Ainsi la remarque de Bonne-Maman le projette en arrière, dans la période où il vivait seul dans la rue avant d’être recueilli par un policier et conduit à l’orphelinat ; quant aux propos de sa mère, ils suscitent chez lui l’impression de tomber dans le vide, comme l’indique alors la courte scène imaginaire qui le montre chuter et se transformer en pomme pourrie atterrissant dans un seau de pommes « saines ». L’image suivante transpose le seau dans une rue coréenne déserte avec, à proximité, un tout petit enfant apercevant une femme de dos, protégée par une ombrelle. Cette silhouette de femme dont on ne distingue pas les traits représente la manière très vague, mais aussi idéalisée, dont Jung imagine sa mère biologique ; cette image, qui traduit clairement le manque d’une maman, reviendra à plusieurs reprises dans le film, principalement dans des moments de solitude et de grande tristesse.

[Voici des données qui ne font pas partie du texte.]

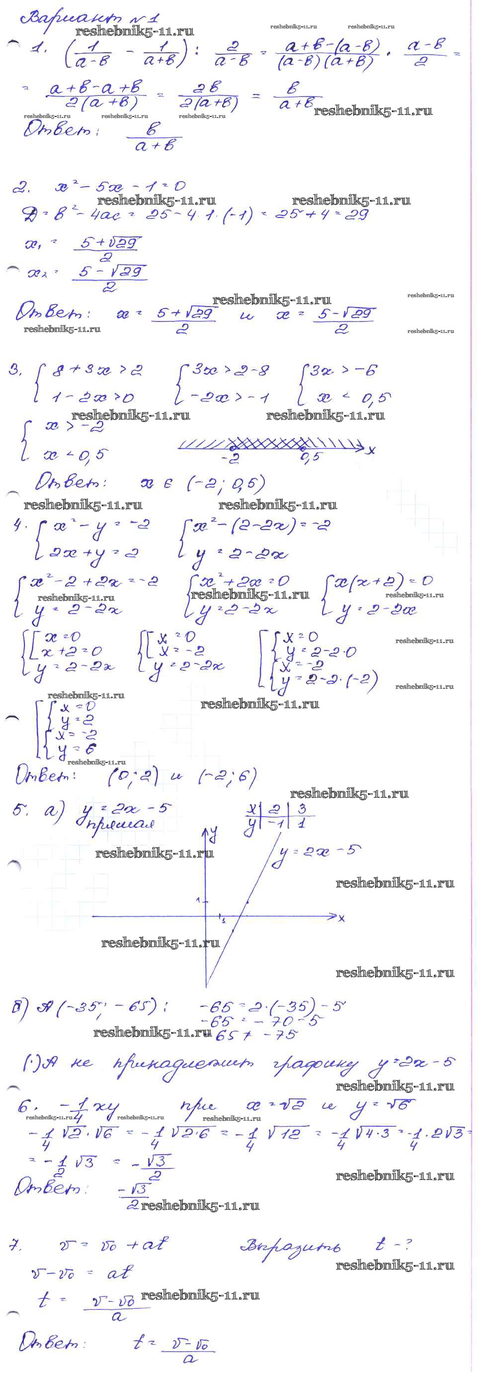 Готовая домашняя работа с ответами по Алгебре за 9 класс Кузнецова, Бунимович, Пигарев, Суворова Сборник заданий Дрофа 2008 ФГОС - Работа 7 Вариант-1
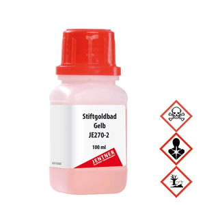The gold bath JE270-2 is especially suitable for partial plating, for multi-colour processeing and reparation or restoration. The deposited coatings have a nice yellow gold colour. JE270-2 deposits uniform gold layers and has a strong colour consistency.
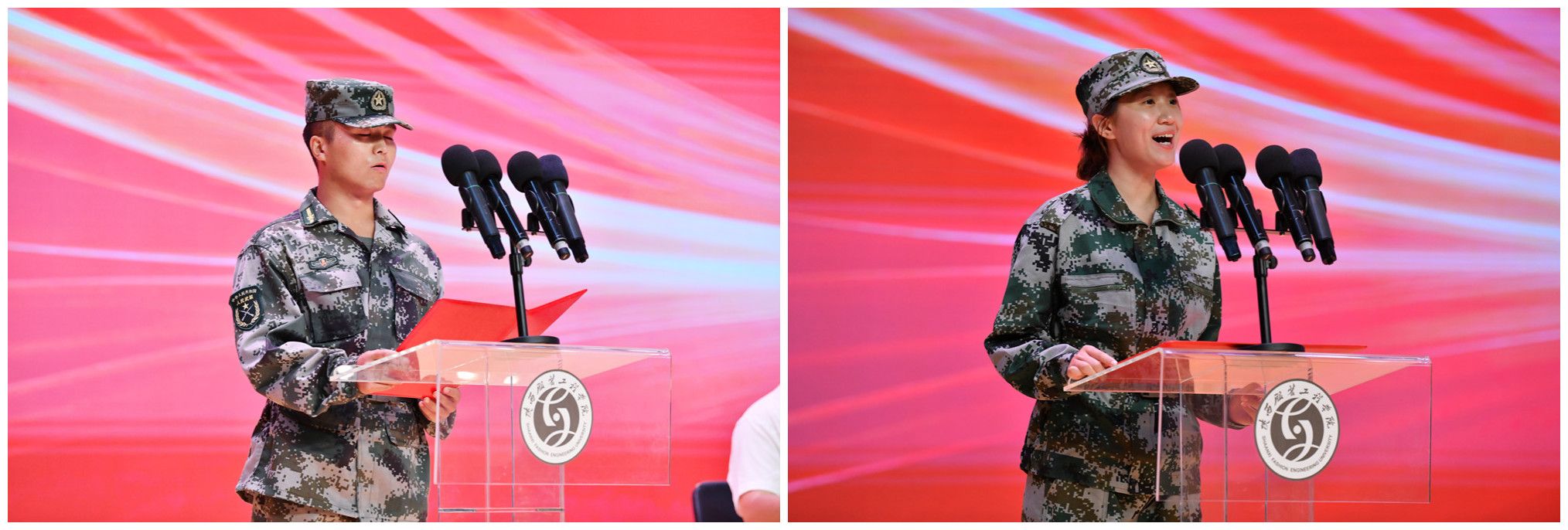 教官代表康超和新生代表王艺燃分别做了发言。他们一致表示将秉承“锲而不舍、玉汝于成”的校训,发扬艰苦创业、锲而不舍、迎难而上和追求卓越的陕服精神,按照国防教育实施方案和既定的目标任务,加强训练管理,以严明的纪律、科学的训练和丰富的活动内容,圆满完成学习训练任务。
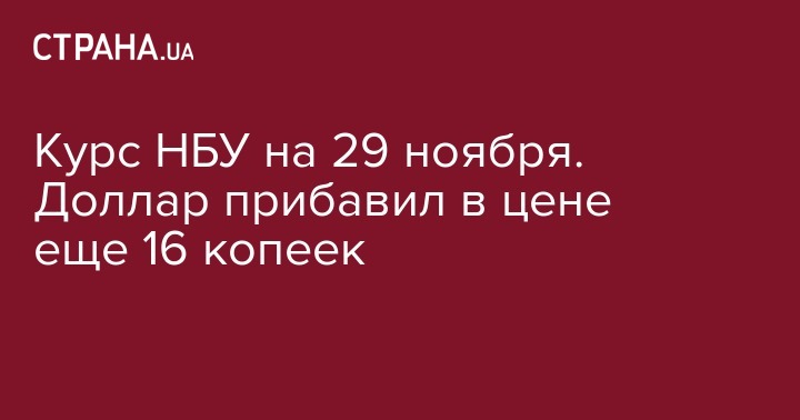 Курс НБУ на 29 ноября. Доллар прибавил в цене еще 16 копеек
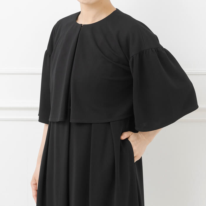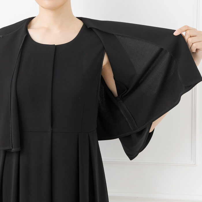 ワンピースはクラシカルなボレロをケープ風にアレンジ。裾ラインにフレアを効かせ大人のかわいさを表現しました。 前開きファスナーやアームフリー仕様、両脇ポケットなど、着心地にもこだわっています。
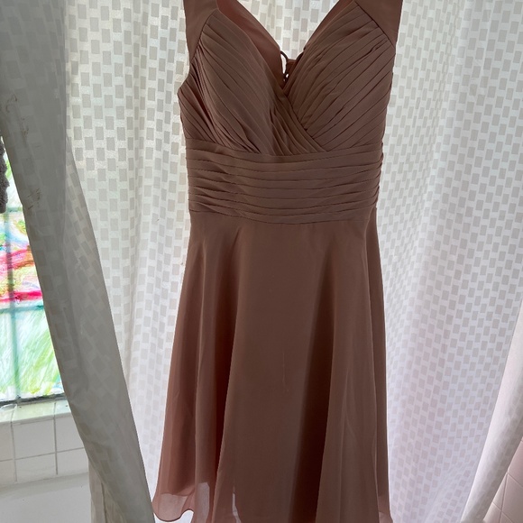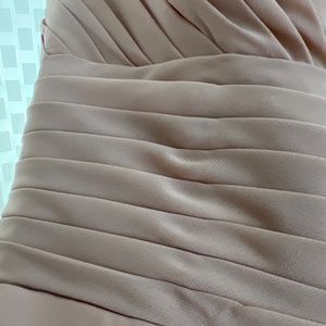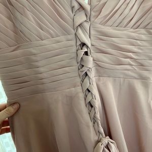 Blush color I believe, chiffon type of fabric over a silky lining. Has boob pads/support and a corset back with a flap to cover the skin from showing beneath the corset.
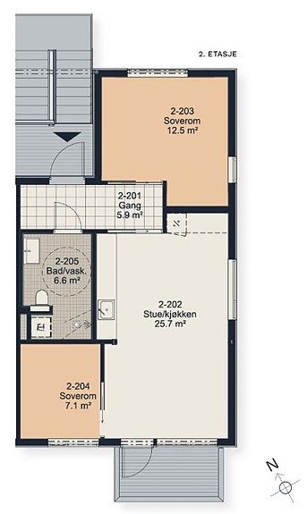 - Første etasje får markterrasse, mens leilighetene i andre etasje får egen romslig balkong.
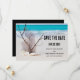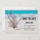 Salve o cartão de data com uma bela fotografia. Água azul tropical e surf de espuma no fundo. Uma coleção de conchas e caules em uma praia branca de areia.
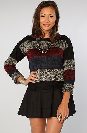 Motel The Holla Striped Sweater in Black, Red and Royal Mixed Yarn,Sweaters for Women. Model is wearing a size SmallCrewneck drop-shoulder sweater; 100% acrylic.By Motel
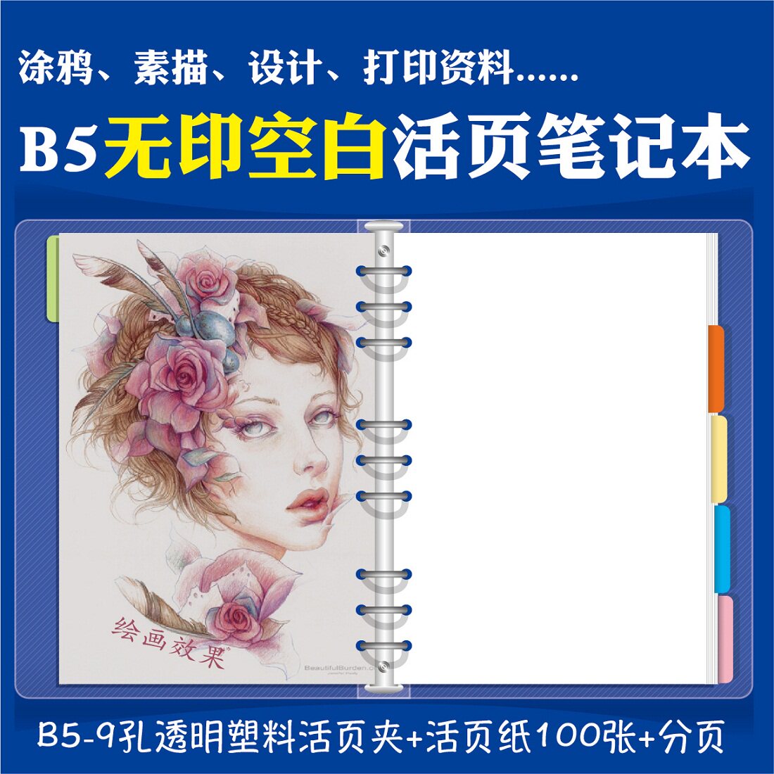 9 holes B5 transparent clip blank 100 pagination
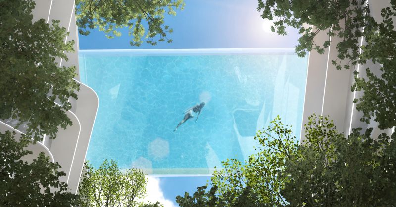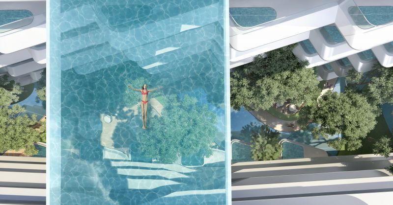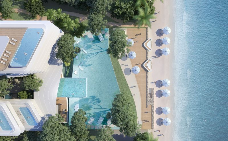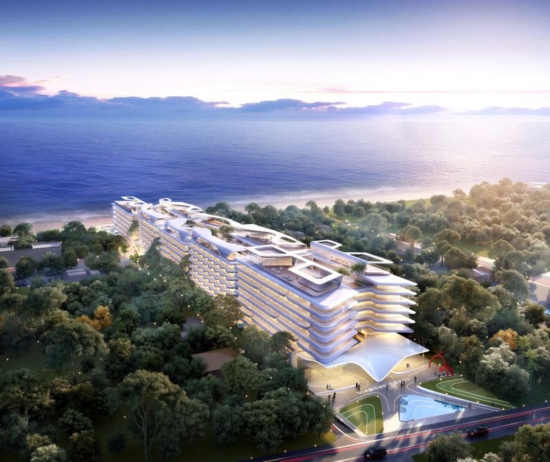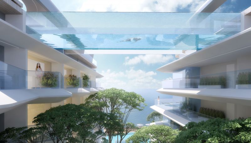 The project is a resort hotel that combines a private beach clubhouse and hotel apartments. The hotel apartments are tucked away in lush greenery. From the stepped-up rooftop pool and terrace one can look across or into the distance. The design uses transparent acrylic across the open views of the roof to create a infinity sky pool. The open space between the building blocks is designed to bring natural light and ventilation into the building interiors for health and energy efficiency purposes. The community gardens between the buildings provide an essential outdoor extension to resort living.
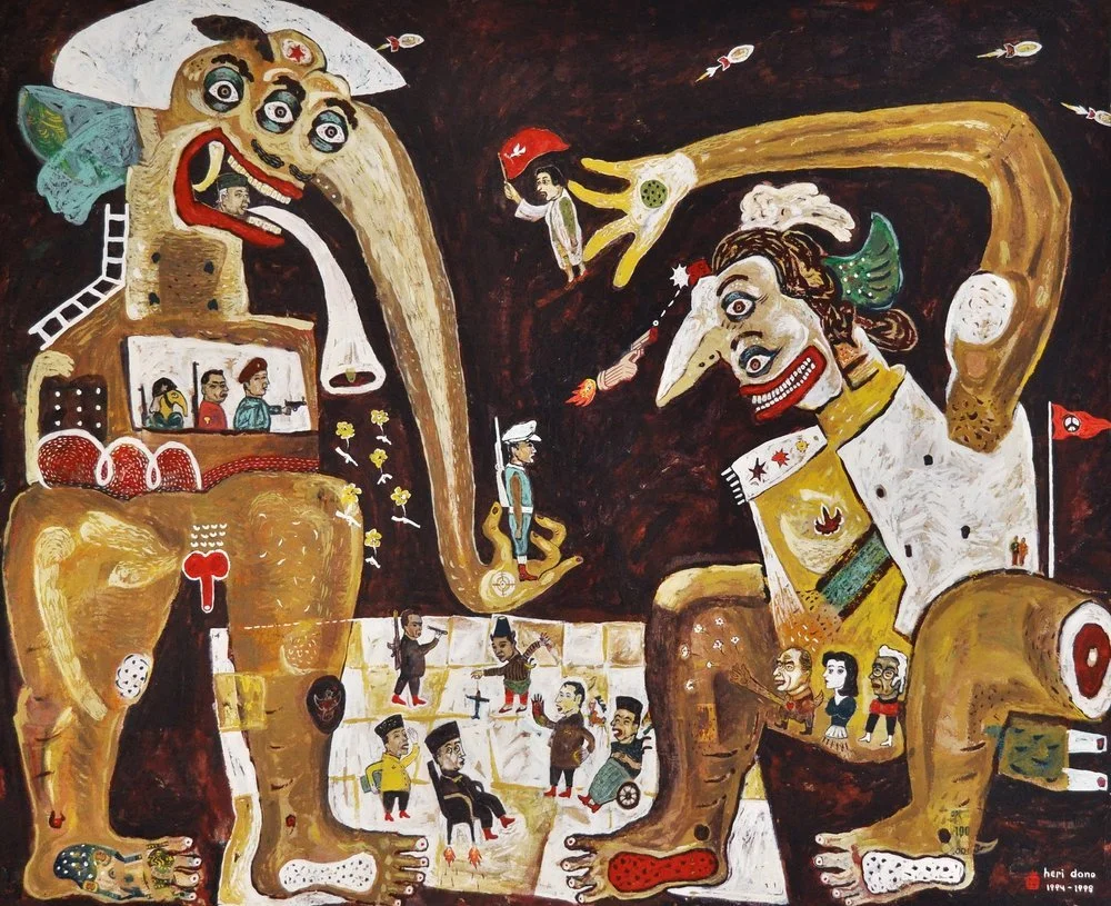Heri Dono, Bermain Catur, 1994-1998, acrylic and collage on canvas, 200 x 150cm. Image courtesy of MACAN.
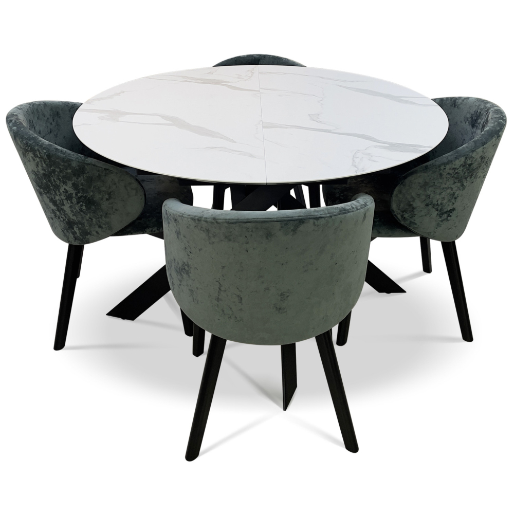 Это круглый раздвижной обеденный стол в современном стиле для кухни, столовой зоны или гостиной. Модель сочетает столешницу на основе МДФ с термостойким HPL-пластиком и металлическое основание, поэтому подходит для ежедневного бытового использования.
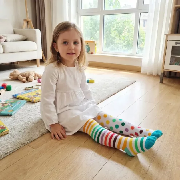 Lapset rakastavat liikkua ja leikkiä joka päivä. Nämä sukkahousut tuovat lisäiloa hauskoilla kuvioilla ja rohkeilla väreillä. Pehmeä, joustava kangas pitää jalat ja varpaat lämpiminä seikkailujen aikana. Vanhemmat arvostavat helppoa pukemista ja vähemmän säätöä kotona.
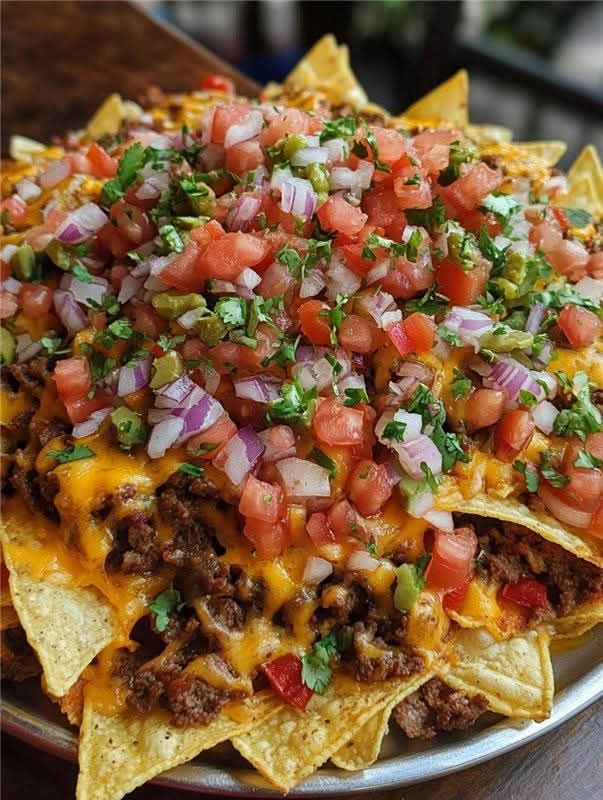 Crunchy tortilla chips layered with savory beef, gooey cheddar, and colorful fresh toppings—perfect for sharing at parties or enjoying as comfort food.

Cette scène traumatisante semble d’ailleurs ouvrir une période durant laquelle Jung va enchaîner les bêtises : il falsifie son bulletin, fend en deux les planches à pain ou tire au pistolet sur les poules et les canards ; il vole un billet dans le porte-monnaie de sa mère et, avec l’argent, achète un pétard qu’il fait éclater aux pieds du professeur de sport… Ces bêtises, qui pourraient finalement être celles de n’importe quel enfant arrivé à la fin de l’enseignement primaire, entraînent des sanctions sévères, qui vont du châtiment corporel à la tonte radicale de sa chevelure. La honte qu’il ressent alors le projette une fois encore dans le passé, au moment où il avait subi le même sort — mais dans une perspective d’hygiène cette fois — en arrivant à l’orphelinat. Cette période qui referme l’enfance est encore marquée par la découverte de la culture japonaise, qui lui permet d’entrer en contact avec ses origines asiatiques[1].
Cette passion, particulièrement mise en évidence dans le film par de nombreux détails, montre qu’il commence à se construire une identité en marge de la culture occidentale, ce qui témoigne d’un désir plus ou moins conscient de retrouver ses racines. C’est d’ailleurs au cours de cette période qu’il fait un cauchemar terrifiant montrant une femme, un homme et un nouveau-né empêtrés dans un enchevêtrement de racines tentaculaires, les images étant accompagnées de hurlements caverneux.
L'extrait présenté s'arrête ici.